As authors — both upcoming and established — started populating the site using the Author Program readers started following and befriending them. Popular authors such as Stephen King (#1 most followed) and Salman Rushdie are quite active on Goodreads. But some seem to turn their back to this site. So looking at the Goodreads Authors page I thought I should look further at the author-popularity — by numbers.

Using a Web-browser App Kimono, namesake of the Japanese dress, I scraped nearly 5400+ further pages. After loads of robot-hours, Kimono brought back errors and data — in a 50%-50% share. So what I found was only based on the rest 50% data — a look at nearly 70,000 author profiles instead of the whole set of nearly 164,000.

I went by the number of “friends” the authors had on Goodreads. Quite interestingly I discovered that the top 10 authors (or for that matter, even top 100) I found were all new to me — not that I already knew so much, still —none rang a bell! They were, to me, not as popular as King, Rowling, or Rushdie! See if you know anyone (DATA)!

But have a look where do some of the Top-10 Goodreads “most friended authors” come from in the one-minute map GIF below:

Just a curiosity — A Map-GIF showing where some of the authors are from! Credits: Goodreads, Kimono, GoogleDrive, MapBuildr, GIFMaker

The new social media “friending” seem to change the way readers see the authors they read. So I asked a few users as to how do they find the notion of “author-popularity” on Goodreads!

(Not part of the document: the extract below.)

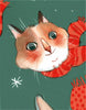 Charmante carte de souhaits avec une illustration de 3 chats portant un foulard tricoté sous la neige.

Srividhya Sundaram says, “ I personally would not wish to follow any popularity list.” She added, “However, I agree that the list might introduce one to different authors.” For Bharat Ravi, the popularity need not correlate with good content. He says, “ I would NEVER go by the popularity list to check out books. The list would be useful only for having an estimate of popularity and that alone.”

Befriending an author on social media or going by the number of their followers only matter to whom these numbers mean so much. For a reader, though, the good old way seems to be fine.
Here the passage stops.